That's an RC 33. I've got one, but mine has the Rockwell badge. I have the books for it - I'll look for belt spec. Great machine. The original 4 post design now heavily copied. Castings were done in Brazil, machine work in PA, or at least mine was.


----------



## AGCB97 (Jan 7, 2021)

Thanks. @machPete99 gave me what I needed in post #13
Aaron


----------



## CFreeborn (Jan 7, 2021)

I've got the manual, but it doesn't have the parts breakdown. If you hit the wall I can pull the cover and a belt to measure. I could use new ones on mine too.. Happy to share info from the manual. Lots of set up info. Great tool.


----------



## machPete99 (Jan 8, 2021)

BTW I am just getting into rebuilding my Delta DC-33 planer, including replacing most ball bearings and seals.
If anyone has qustions on this model just give a shout out.
One of the oil seals is an oddball OD, so am going to the next size up, will need to turn the flange a bit on the lathe so it will fit.


----------



## CFreeborn (Jan 15, 2021)

machPete99 said:


> BTW I am just getting into rebuilding my Delta DC-33 planer, including replacing most ball bearings and seals.
> If anyone has qustions on this model just give a shout out.
> One of the oil seals is an oddball OD, so am going to the next size up, will need to turn the flange a bit on the lathe so it will fit.

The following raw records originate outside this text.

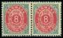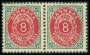1895. 8 øre grå/rød tryk 98 pos. B81-82 i par med ret og omv. rm. venstre mærke er postfrisk. Udtalelse LN.
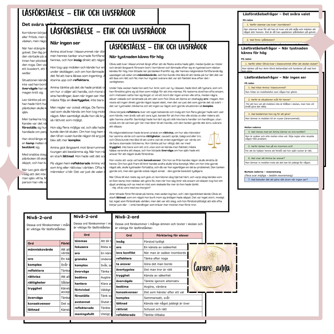 Ett färdigt och genomarbetat material med tre berättande läsförståelsetexter som lyfter etik, moral och livsfrågor ur elevernas vardag. Texterna är anpassade för årskurs 6 och fungerar lika bra i religion som i svenska för träning av läsförståelse och resonemang.
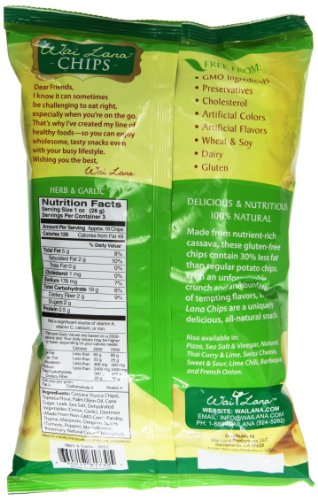 Wai Lana Herb & Garlic 3 Ounce Cassava Chips (Gluten-Free & Vegan) Pack of 6
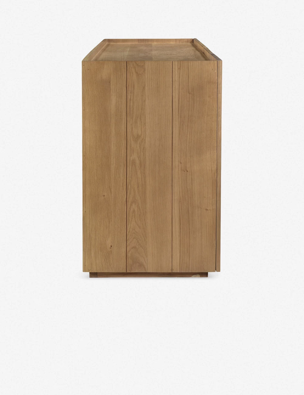 Fashioned from solid oak planks, this sideboard cabinet is versatile, refined, and grounded in natural grain appeal. With cabinet doors opening to spacious interior shelving, this modern sideboard buffet is full of storage potential in a crisp design. Layer this piece with texture-rich decor and linens or sparsely style it for a look that highlights organic minimalism.
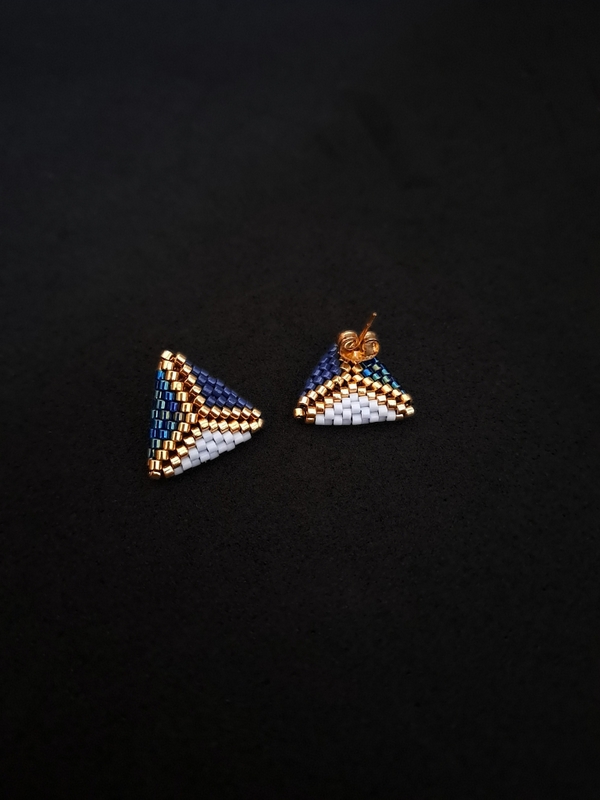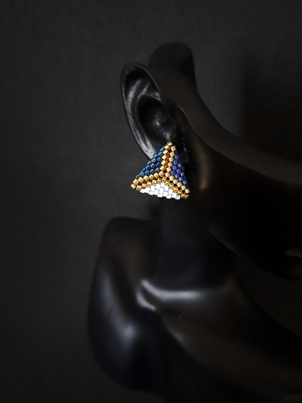 Kolczyki zostały misternie wykonany ręcznie, przy użyciu koralików Miyuki Delica – znanych z precyzyjnego kształtu i idealnej symetrii. Dzięki wykorzystaniu ściegu peyote, kolczyki są nie tylko estetyczne, ale również lekkie i wygodne, co zapewnia komfort noszenia przez cały dzień. Ich złote akcenty wspaniale kontrastują z niebieskim, dodając delikatnego blasku, który wyróżni Cię z tłumu.
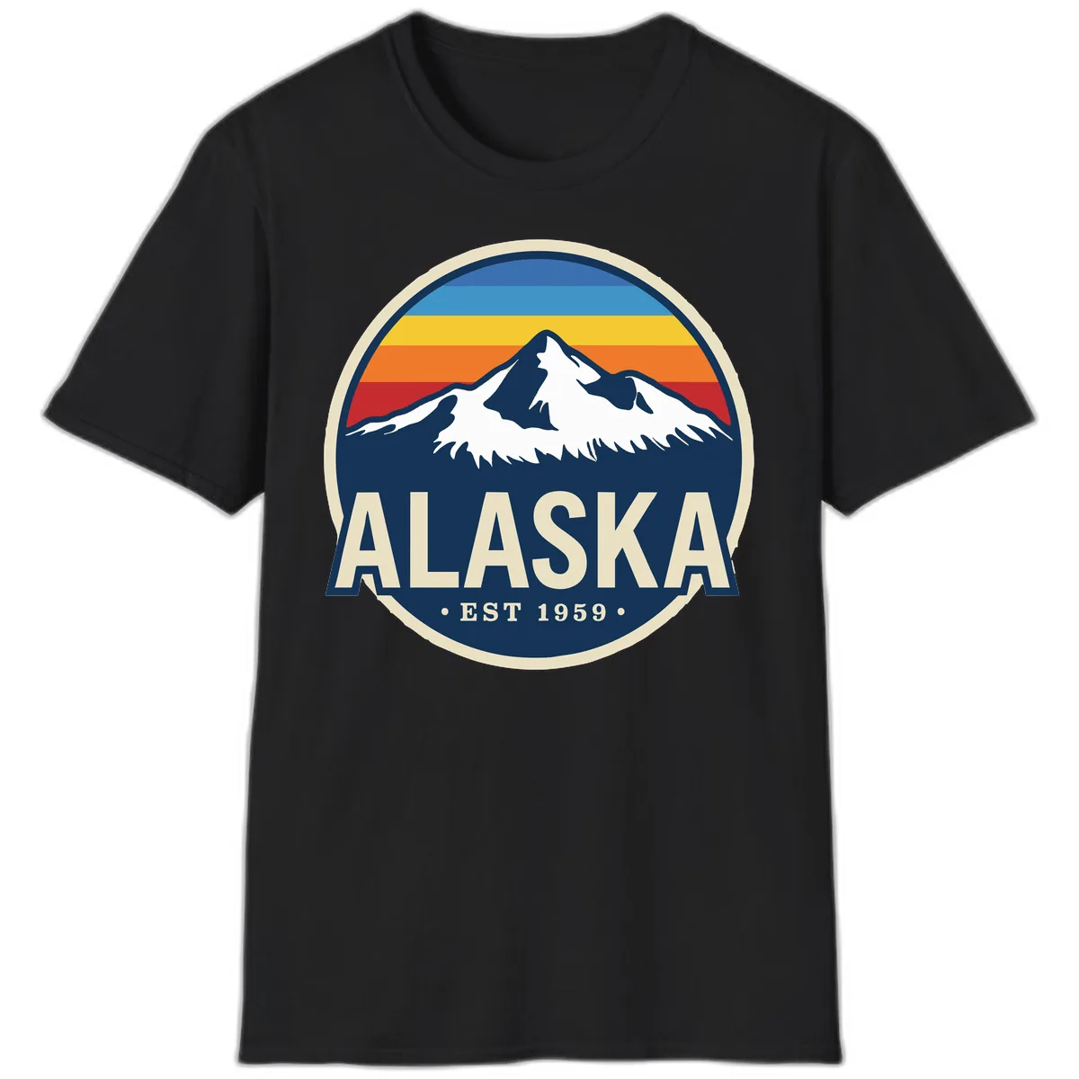 This t-shirt features a vintage-inspired circular badge design. It showcases snow-capped mountain peaks against a colorful, retro striped sunset, celebrating Alaska's iconic landscapes and its statehood established in 1959.
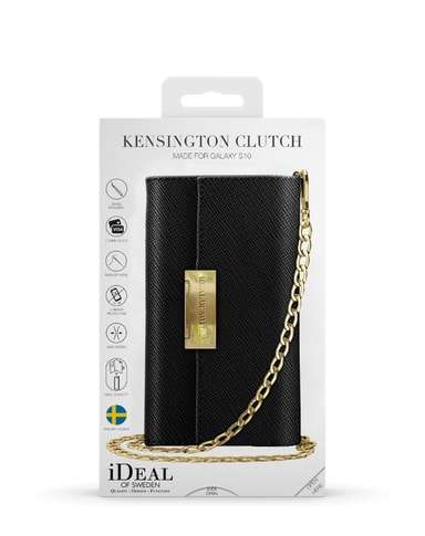 Kensington Cross Body Clutch tar navnet sitt fra en av Londons mest velstående regioner og vil være en stilig oppdatering i garderoben din. Ved siden av tidløst svart, kommer denne vesken i et kremet fargespekter inspirert av områdets eksklusive gatelandskap, romantisk halvmåne og malte hus i myke fargetoner og drømmende pasteller. Gyllent metall gir Kensington Clutch en elegant og luksuriøs finish. Et svart standard deksel med høy kvalitet er inkludert.
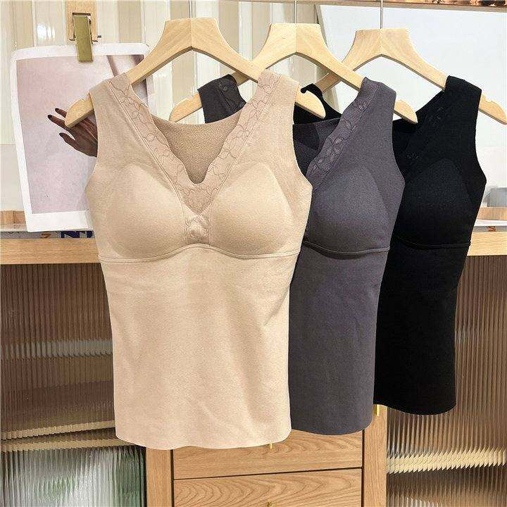 古妃34090羊羔绒花边保暖舒适背心V领发热带胸垫打底秋冬磨毛内衣
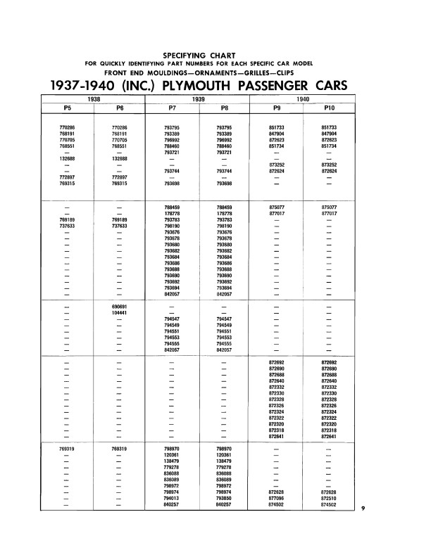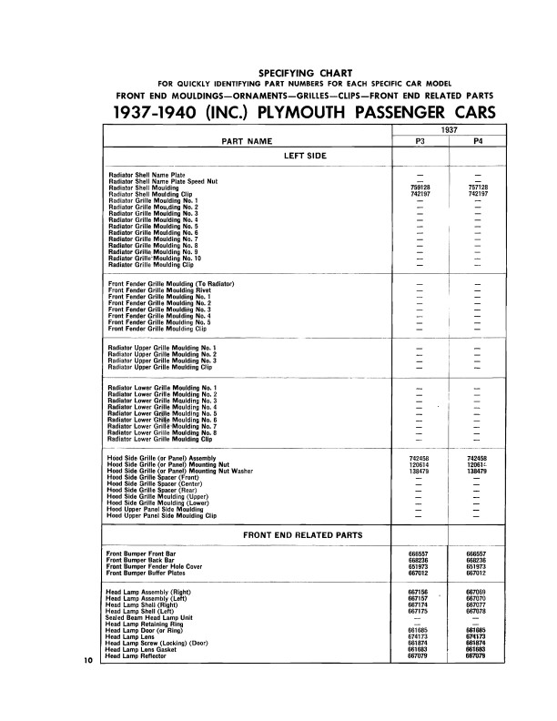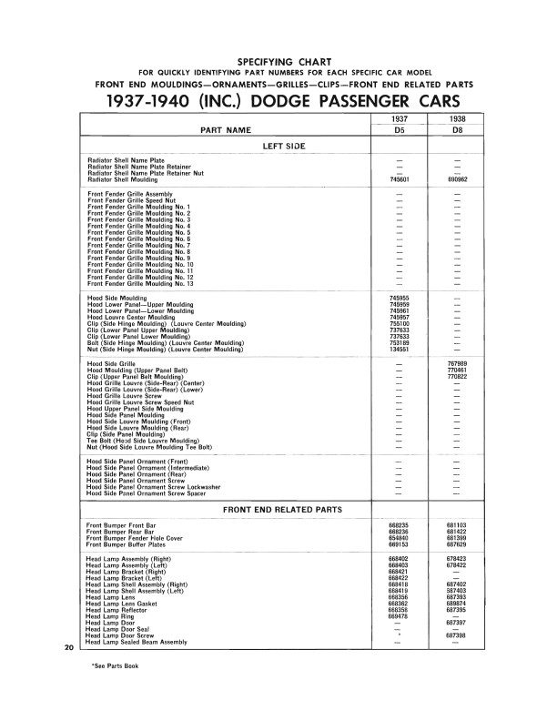 This is a quality licensed reprint of the book that garages, body shops, dealers and repair shops would have used to order MoPar body parts. It includes the most commonly needed parts. You will find bumpers, grilles, hoods, moulding, fenders, exterior lights, and more. Find original parts numbers, model application data and group numbers; as well as illustrations for easy identification. You get illustrations of one car for each year and make; for example, there is one picture of the front and one picture of the side of one model of 1937 Chrysler; part numbers are given for every model, but only one model is illustrated. Includes a list of serial numbers for each year. This book is in new condition. Buy now to make your search for parts easier.
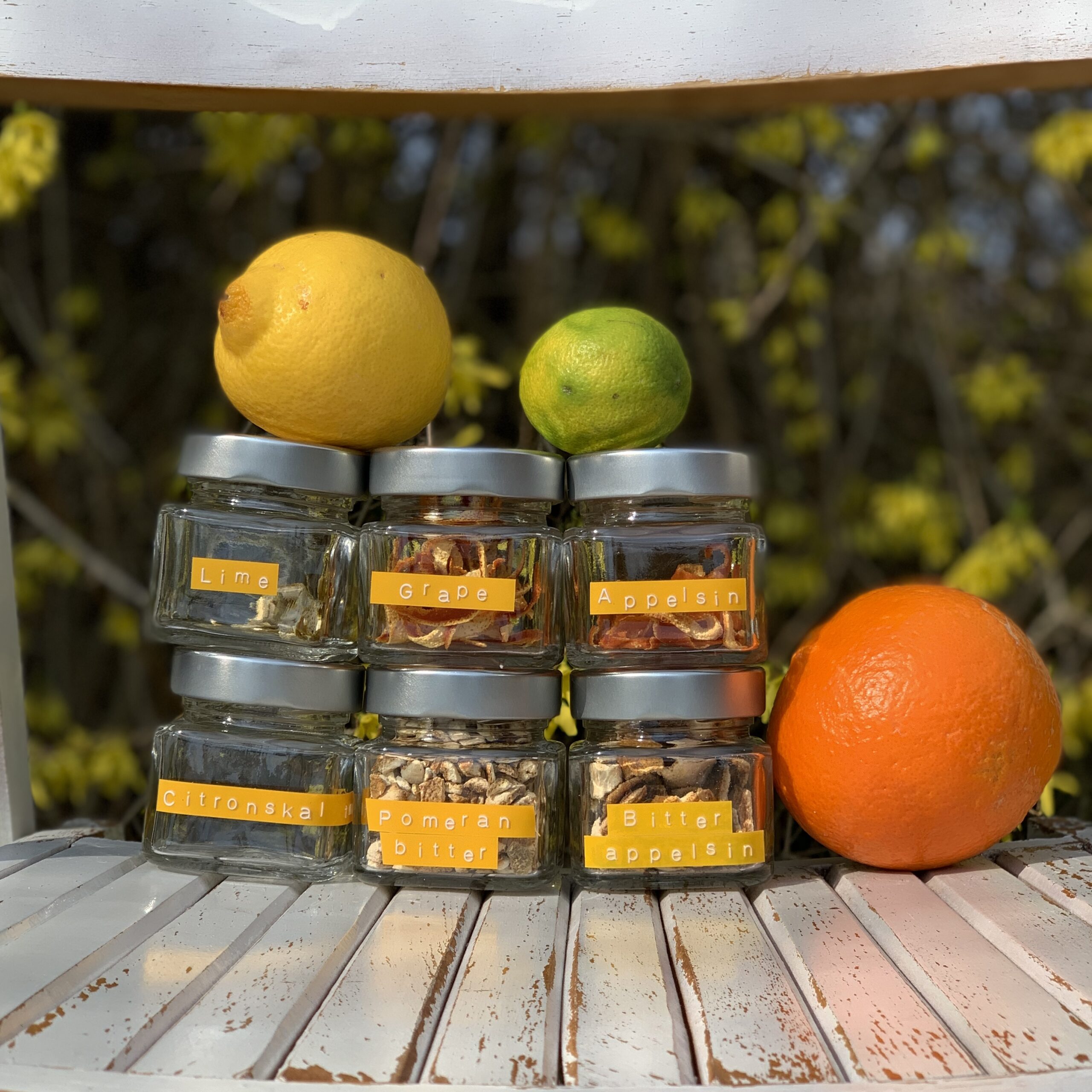 Citrusfrugterne: Frisk og tørret skal af citron, appelsin, lime, grapefrugt, pomeran.
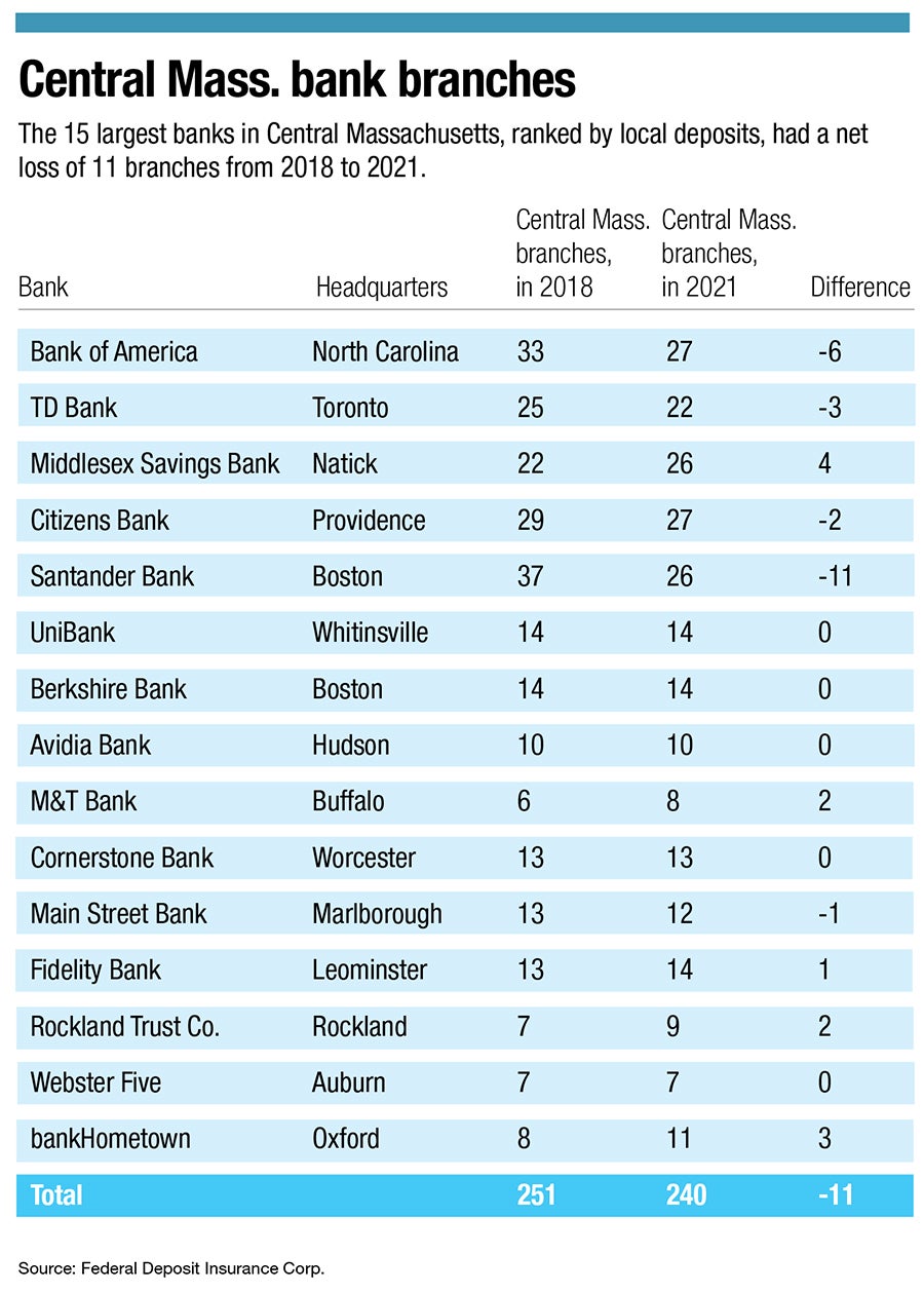 Central Massachusetts has seen some bank branch consolidation, though. From 2018 to 2021, the 15 largest banks in the region, ranked by local deposits, had a net loss of 11 branches, according to a Worcester Business Journal examination of Federal Deposit Insurance Corp. data.
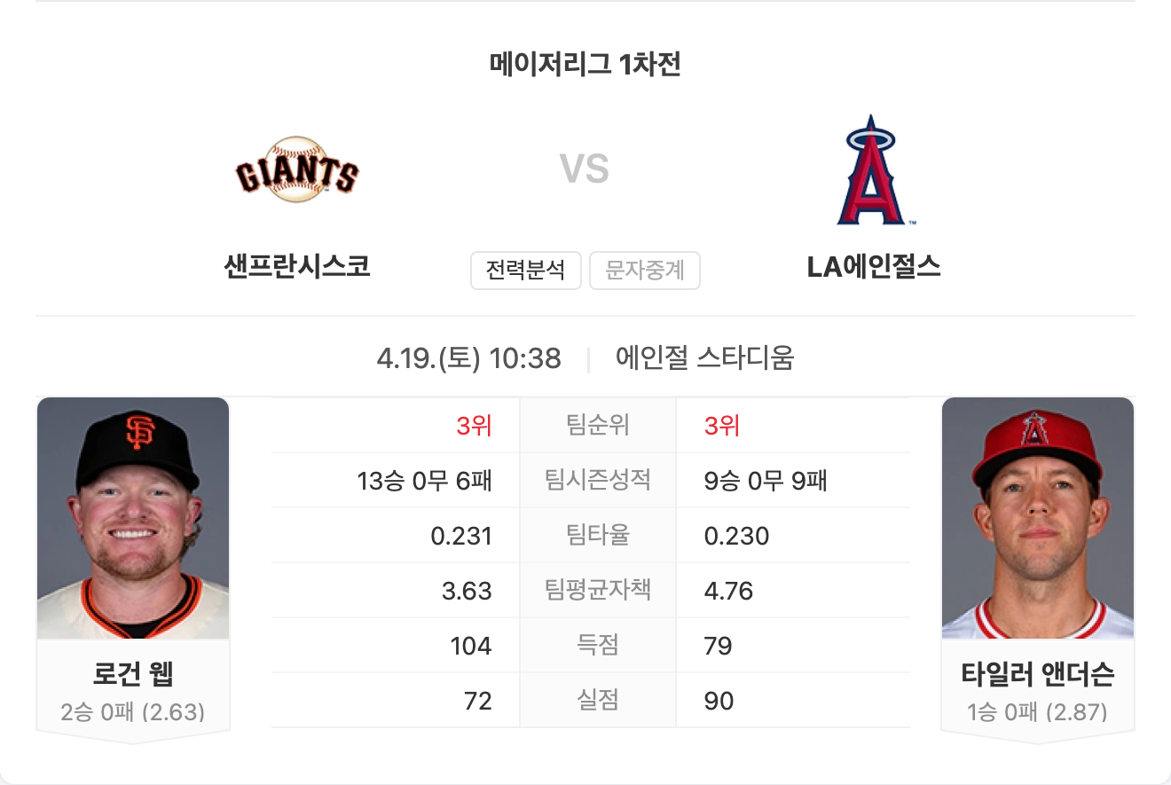 에인절스는 최근 5경기에서 3승 2패를 기록하며 자이언츠와 비슷한 흐름을 보이고 있습니다. 이 기간 평균 득점은 4.4점, 실점은 4.2점으로 경기마다 접전 양상이 많았습니다.
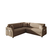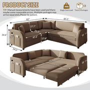 L-Shaped Oversize Convertible Sleeper Sofa Couch With Pull Out Bed, Side Pocket & USB Port For Living Room - Brown

I considered upgrading / rebuilding mine - Would love to convert it to a Shelix head, but the cost (about a grand) for the cutterhead keeps those thoughts at bay. I've got a 12" combo machine from Hammer with a Shelix in it. Wow, what a difference in cut and noise.


----------



## machPete99 (Jan 18, 2021)

There seems to be a design issue with the DC-33 (13") planers in that the only way to adjust for consistent thickness is to play with the sprockets underneath that raise/lower the planer head casting. The cutterhead bearing bores are in the main head casting, so there is no way to shim them as can be done with the 15" planer. Shifting the chain one sprocket tooth changes the height by 0.016" so it is not exactly a precise adjustment. The best I could do with mine was within about 0.010" comparing across the bearing bores.

With cutter knives you could potentially set them higher on one side to compensate. There would not be a way to do this with the Shelix or similar insert heads on the DC-33.

I am looking at broaching additional keyways in one of the sprockets to provide for finer height adjustment; will see how it goes. For the short term I am sticking with knives, but would like to see if it could be more accurate.


----------



## CFreeborn (Jan 18, 2021)

That is quite true. The "fine adjustment" is done with knife setting and would be lost with a Shelix. In much woodworking .010 is within spec so they probably didn't worry much about it.  I suppose an alternate would be to re-engineer and lose the chains and sprockets altogether and replace with some sort of shaft / bevel gear arrangement. I chose to not go any deeper into mine (Shelix or otherwise) because I'd be investing a grand into a machine that's worth at most $500 (and probably not even that). When sharp, the straight knives cut very well. My biggest complaint with the machine is the sniping. It can be minimized with sacrificial lead and follow sticks, but it is still there. The bed roller adjustments are important to minimize this issue.


----------



## machPete99 (Jan 23, 2021)

I got the correct (5mm) broach and (15mm) bushing, and added 3 additional keyways, 81 degrees apart on the cog wheel under the handle. That should allow for adjustments within 0.002" (with some chain tooth shifting). I got lucky and managed 0.0015" acoss the bearing bores, which are about 18" apart, so should be somewhat less (0.0012") within the 13" knife area.


----------



## CFreeborn (Jan 24, 2021)

machPete99 said:


> I got the correct (5mm) broach and (15mm) bushing, and added 3 additional keyways, 81 degrees apart on the cog wheel under the handle. That should allow for adjustments within 0.002" (with some chain tooth shifting). I got lucky and managed 0.0015" acoss the bearing bores, which are about 18" apart, so should be somewhat less (0.0012") within the 13" knife area.


Wow. Nicely done! Now you've got me thinking about mine... must go lie down until the urge goes away...


----------



## machPete99 (Jan 25, 2021)

Once this is done you can consider spending the big bux for the Shelix head


----------



## CFreeborn (Jan 26, 2021)

machPete99 said:


> Once this is done you can consider spending the big bux for the Shelix head


Ooof.... must take a nap now...


----------